FCC Chairman Unveils New Strategy to Cope with ‘Network Neutrality’

WASHINGTON, May 6, 2010 – FCC Chairman Julius Genachowski this morning announced his agency’s plan to take steps to deal with the issue of broadband regulation.

WASHINGTON, May 6, 2010 – FCC Chairman Julius Genachowski this morning announced his agency’s plan to take steps to deal with the issue of broadband regulation.

The agency made its announcement in the shadow of the recent court decision effectively neutering the FCC from governing the speed of data that flows through the Internet, also known as network neutrality.

That ruling determined that the FCC claimed too great an authority over the network neutrality issue.

However, the court left it open that the commission would be able to claim Title II authority if necessary, but this would limit some of the actions that the FCC seeks.  The other option would be to reclassify internet communications as a telecommunications service.

The agency concluded that reclassifying the service was a bad option: “While it would clarify the legal foundation for broadband policy, it would also subject the providers of broadband communications services to extensive regulations ill-suited to broadband.  Title II, for example, includes measures that, if implemented for broadband, would fail to reflect the long-standing bipartisan consensus that the Internet should remain unregulated and that broadband networks should have only those rules necessary to promote essential goals, such as protecting consumers and fair competition.”

“Title II” refers to the portions of the Communications Act under which telephone companies have traditionally been regulated. Increasingly, broadband services have been regulated under another portion of the act (Title I), and which allowed greater flexibilities for industry.

To achieve the goals set out by the National Broadband Plan released in March, the chairman announced a new “third way” that would recognize the transmission component of broadband access service — and only this component — as a telecommunications service.

Additionally, the FCC seeks to renounce application of many sections of the Communications Act that it sees as unnecessary and inappropriate for broadband access service.

And it wants to institute “meaningful boundaries to guard against regulatory overreach.”

“These specific regulations will most importantly allow the commission to achieve the goals set out in the national broadband plan for transforming universal service and bringing access to the disabled among other programs,” said Genachowski.

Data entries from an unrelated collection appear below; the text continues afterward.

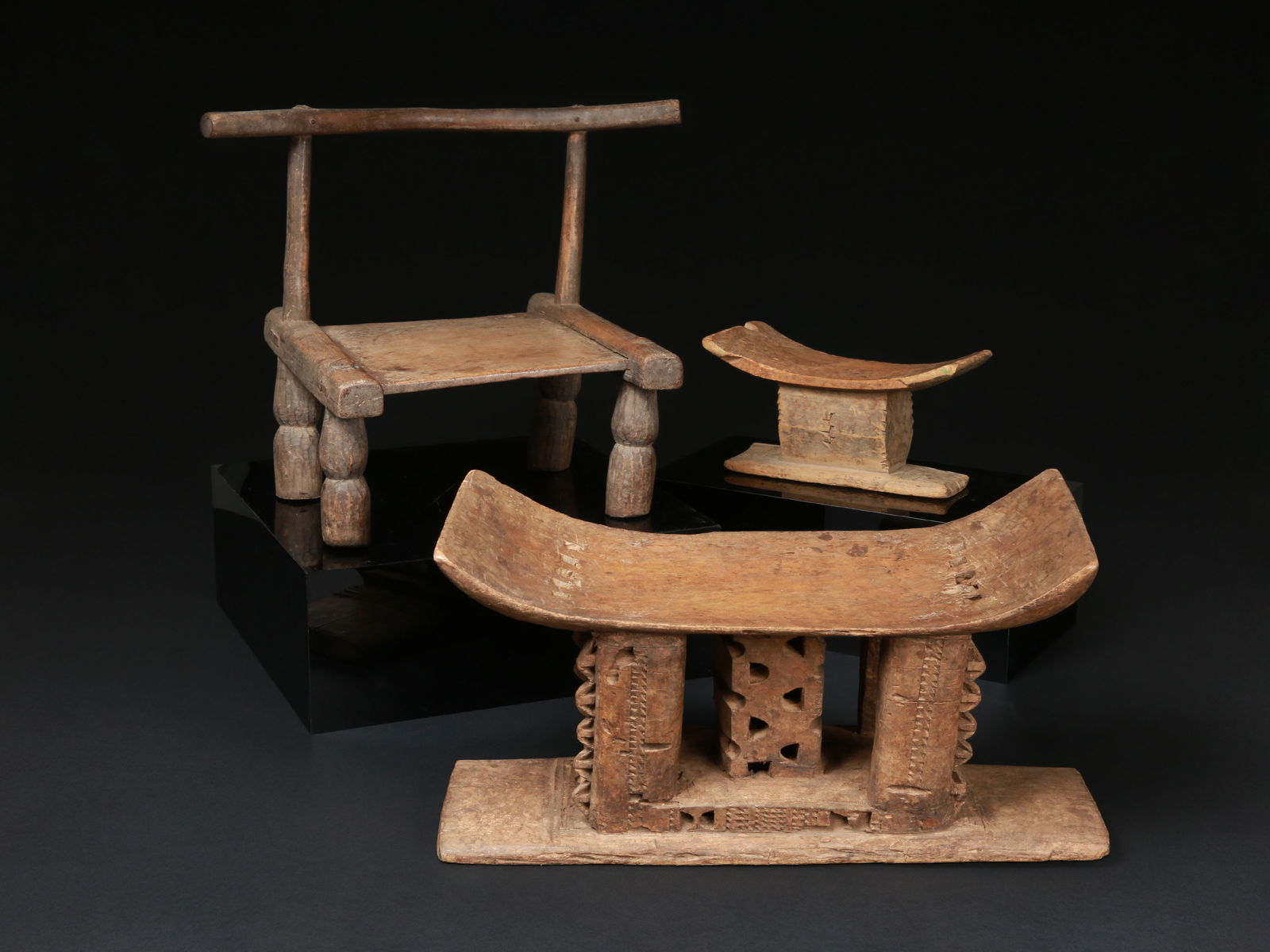 A Senufo and two Asante Seats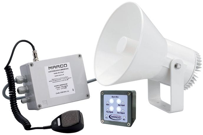 Elektronische Schallsignalanlage mit Druckkammer-Lautsprecher und Mikrofon für Durchsagen. Die Anlage hat eine Zulassung für Schiffe bis 20 m als Signalanlage und Nebelhorn, gemäß COLREG 1972, IMO Class III, zugelassen von BSH, RINA, Lloyd's Register, MCA, BureauVeritas.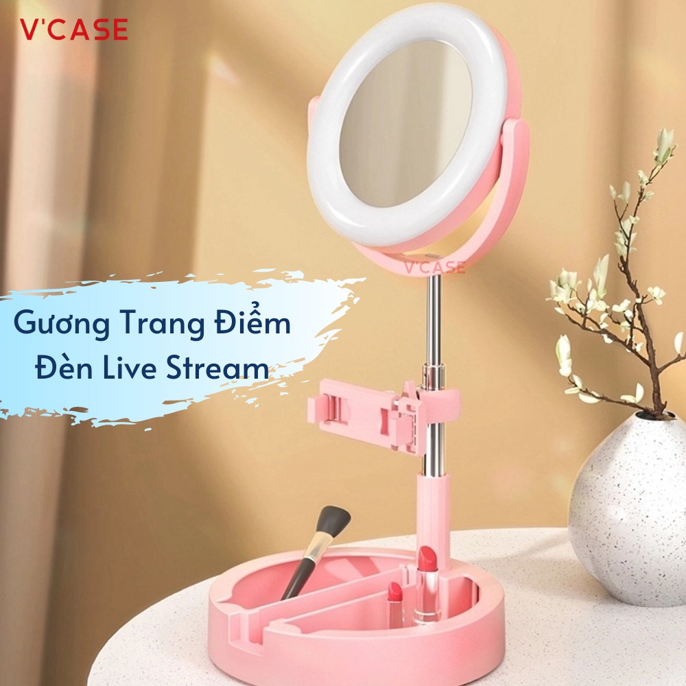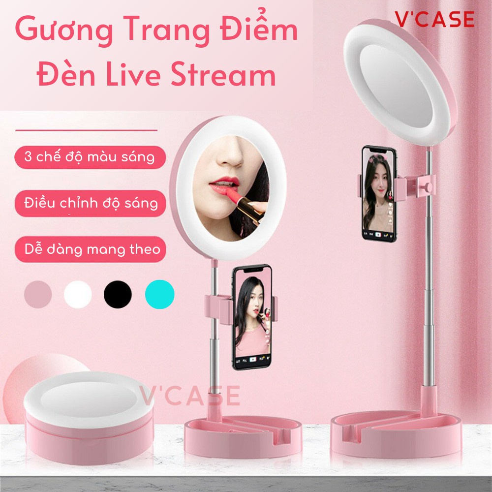 (ẢNH THẬT) Gương Tròn Trang Điểm Có Đèn Led Trợ Sáng, ĐÈN LIVE, 3 Màu, Tăng Giảm Chiều Cao, Gấp Gọn, Livestream, Tiktok,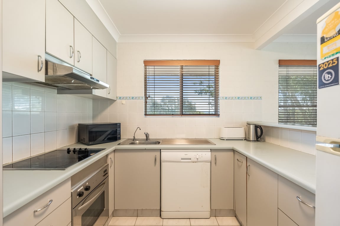 Inside, you’ll find an open-plan living, dining, and kitchen area, a fully equipped kitchen, and laundry facilities—everything you need for a comfortable stay. The large balcony overlooks the shared inground pool, offering a great spot to unwind or enjoy a meal outdoors. Linen is also provided for your convenience.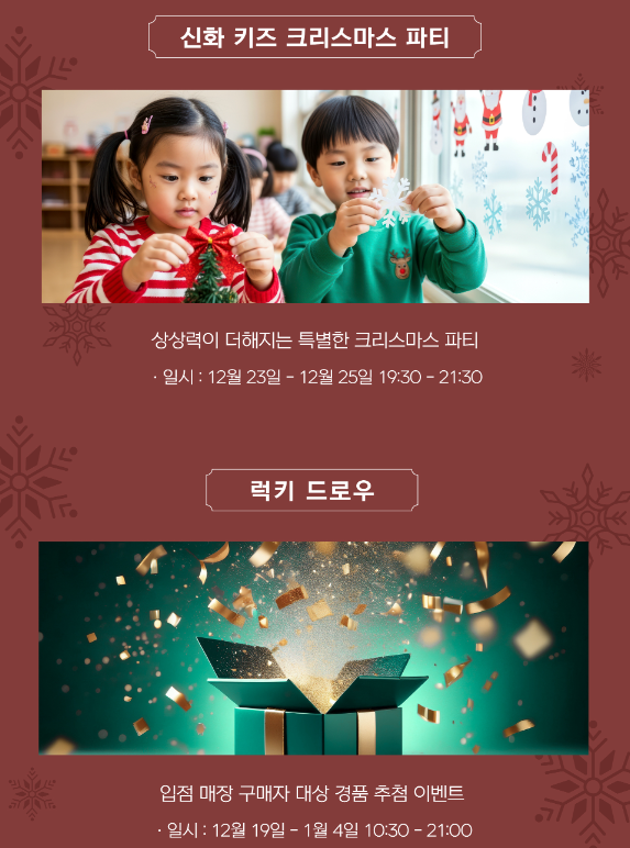 | 럭키 드로우 | 매장 구매자 대상 경품 이벤트 | 12/19 ~ 1/4 |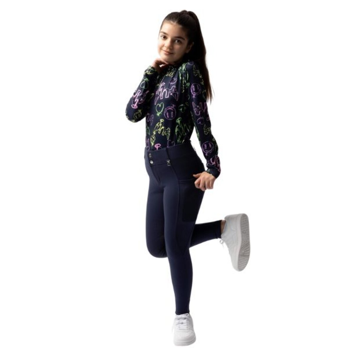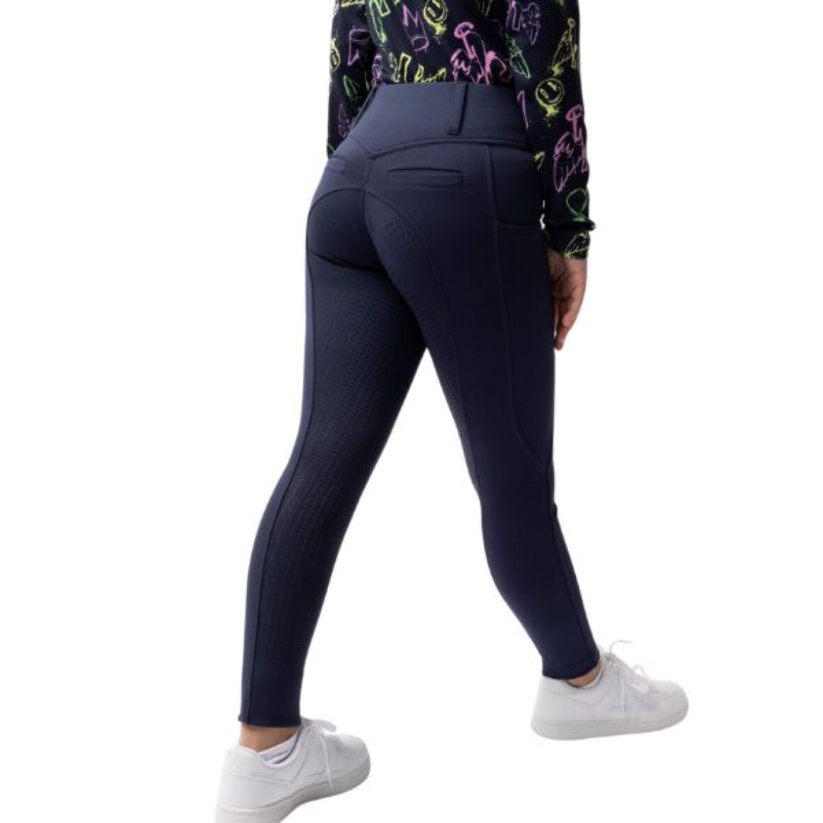 Børne ridebukser fra Horze. Disse børne ridebukser er med fuld silikone grip og bred støttende linning. De er med bæltestropper og fremstillet i åndbart materiale som gør dem behagelige at have på. Ridebukserne er med 2 telefonlommer og lille Horze logo patch i den ene bæltestrop.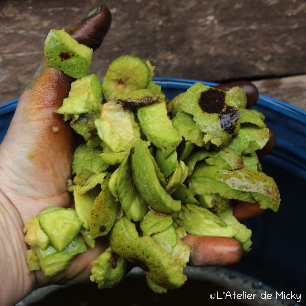 After the nuts have been cut, they are placed directly in rainwater to prevent oxidation, which occurs very rapidly. The dye molecule involved is juglone, present as hydroxyjuglone in the tree (roots, leaves, bark and fruit!), a molecule that oxidizes on contact with oxygen in the air. I always store my macerated green walnuts in closed barrels.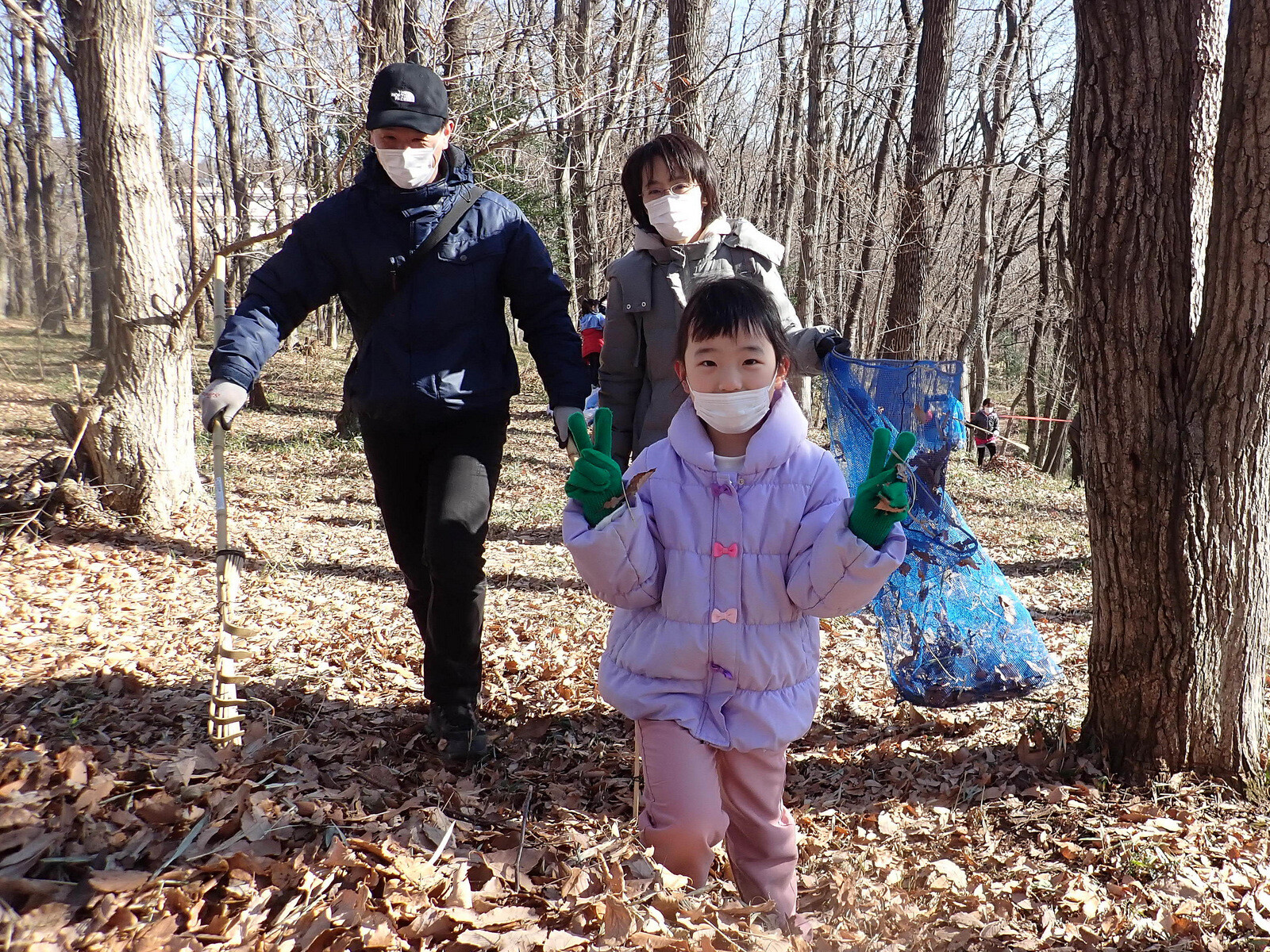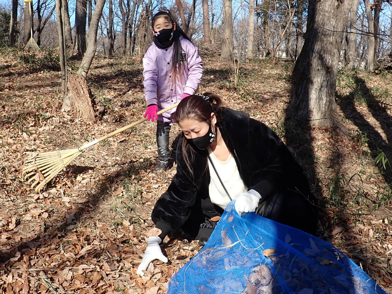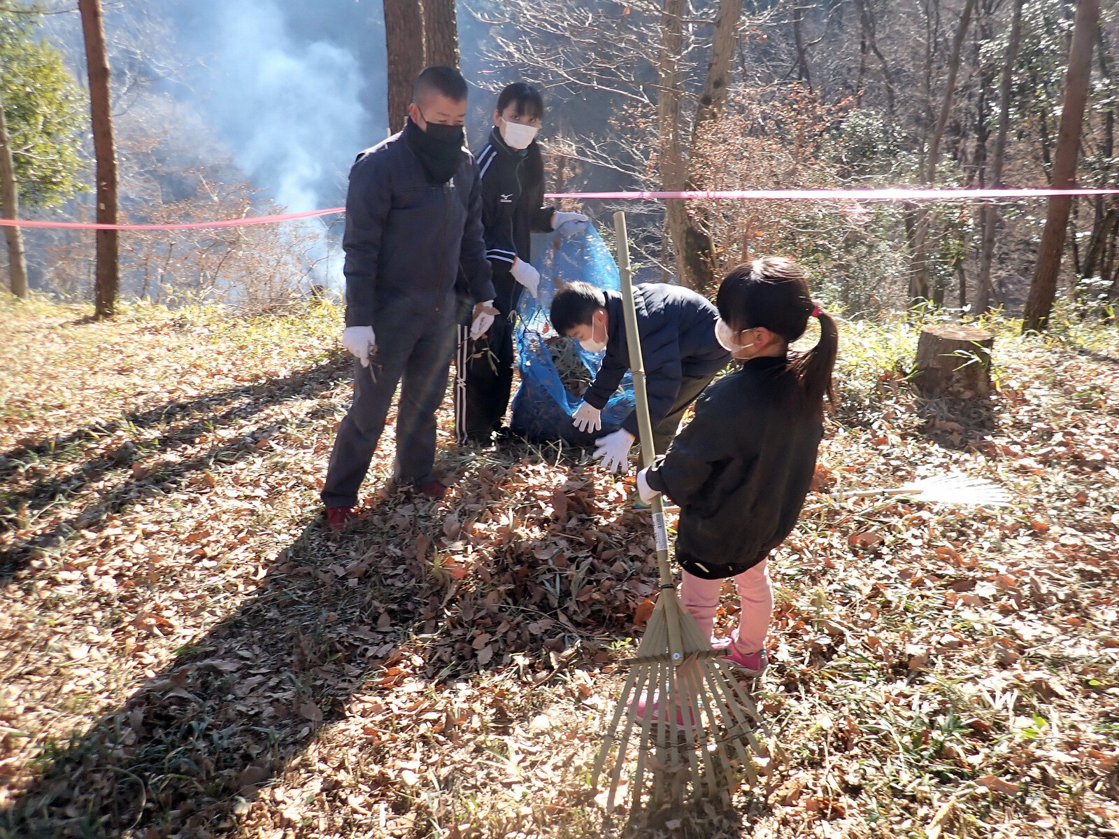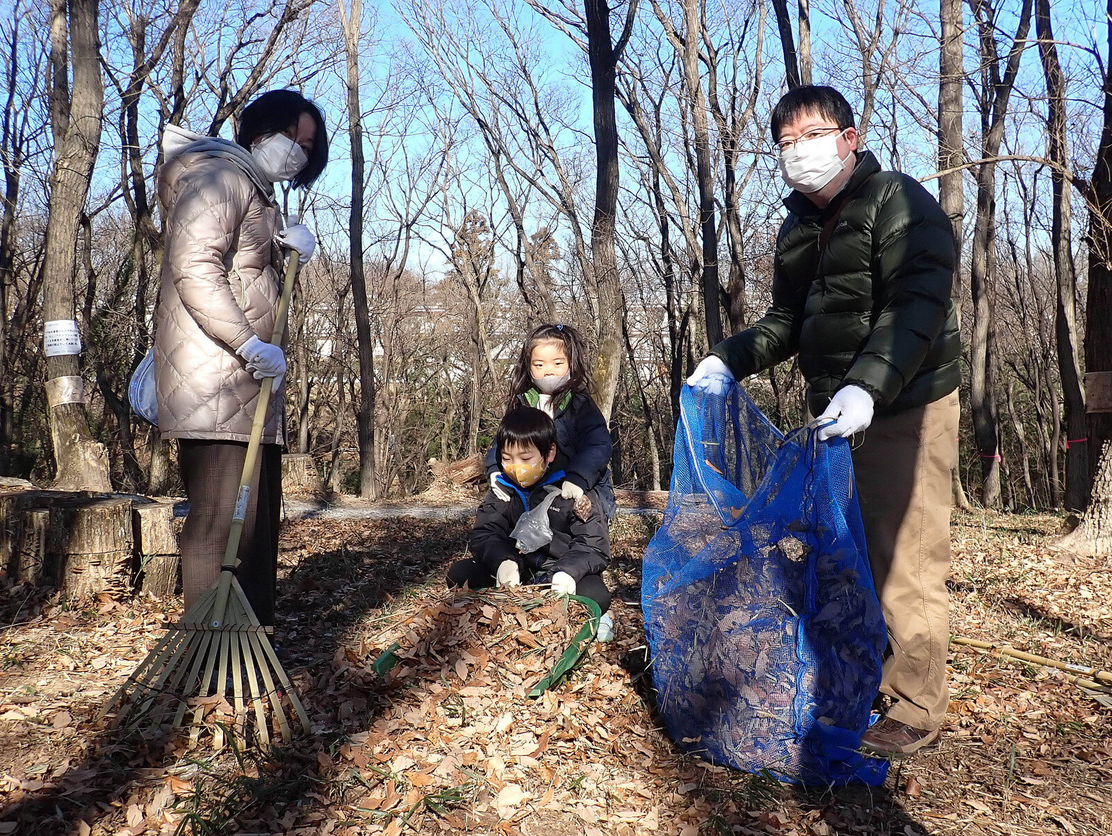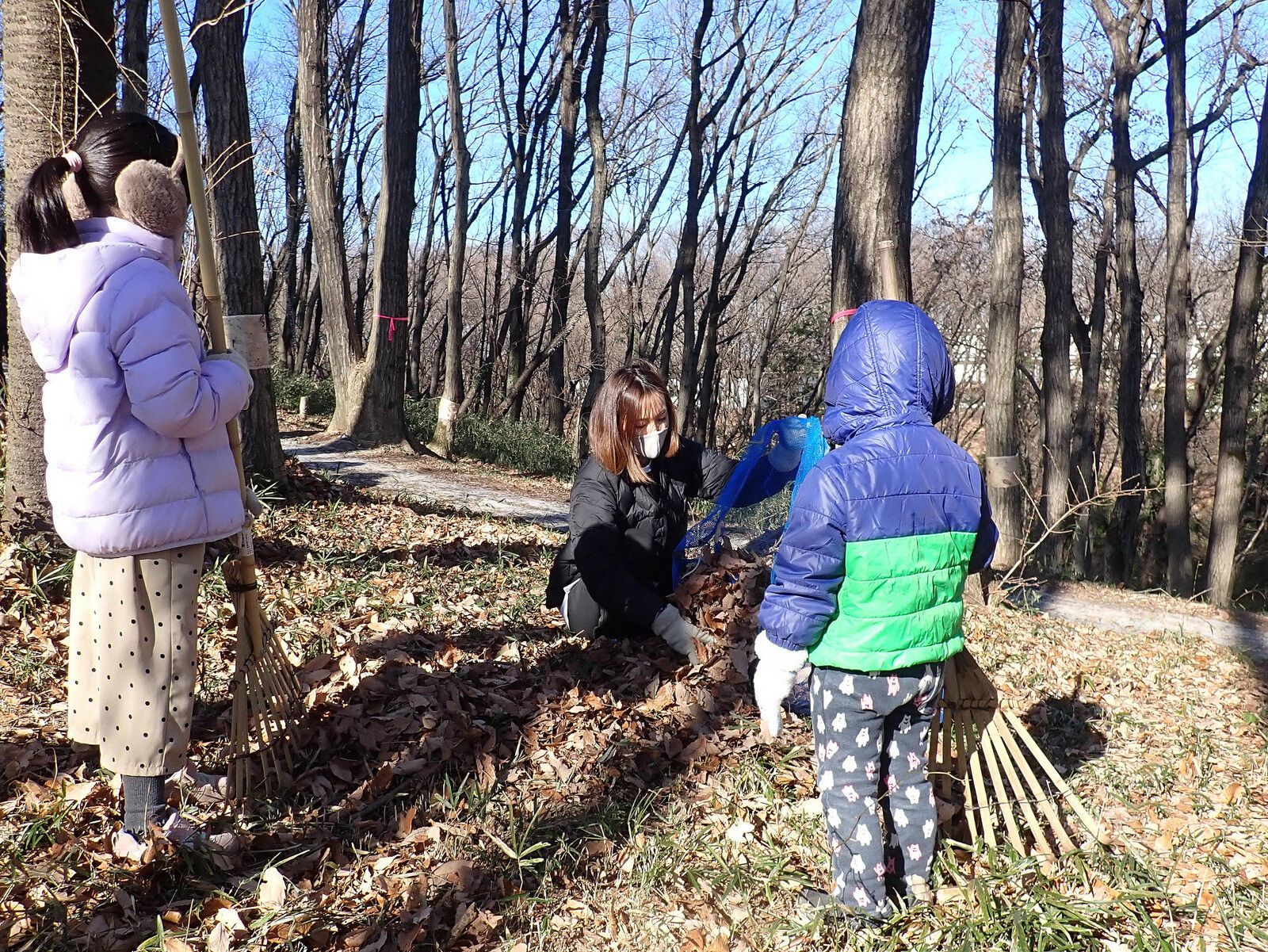 1月8日に実施した『市民の森で落ち葉を掃いて焼き芋を食べよう』(市民の森保全クラブ・岩殿満喫クラブ共催)写真集(その1)落ち葉掃きです。

The agency reiterated that it plans to focus on the transmission and not the content. The industry generally agrees upon most of the provisions that would be applied under Title II  and sees the FCC as having the authority to enforce them under ancillary authority.

This approach is not a new concept. The FCC chairman argues that “Congress mandated that the FCC subject wireless communications to the same Title II provisions generally applicable to telecommunications services while also directing that the FCC consider forbearing from the application of many of these provisions to the wireless marketplace. The commission did significantly forbear, and the telecommunications industry has repeatedly and resoundingly lauded this approach as well-suited to an emerging technology and welcoming to investment and innovation. In short, the proposed approach is already tried and true.”

While this approach will allow for the FCC to continue its work without having to jump through numerous legal hoops, the commissioner does hint that Congress may need to act to solidify the commission’s authority.

“Should congressional leaders decide to take up legislation in the future to clarify the statute and the agency’s authority regarding broadband, the agency stands ready to be a resource to Congress as it considers any such legislative measures.  In the interim, however, this approach would ensure that key initiatives to address pressing national challenges can move forward,” said Genachowski.

The commission yesterday received letters of support from House Energy and Commerce Committee Chairman Henry Waxman and Senate Commerce, Science and Transportation Committee Chairman John Rockefeller:

They wrote: “We believe that it is essential for the commission to have oversight over these aspects of broadband policy, because they are vitally important to consumers and our growing digital economy.  For this reason, in the near term, we want the agency to use all of  its existing authority to protect consumers and pursue the broad objectives of  the National Broadband Plan.

In the long term, if there is a need to rewrite the law to provide consumers, the commission and industry with a new framework for telecommunications policy, we are committed as committee chairmen to doing so.”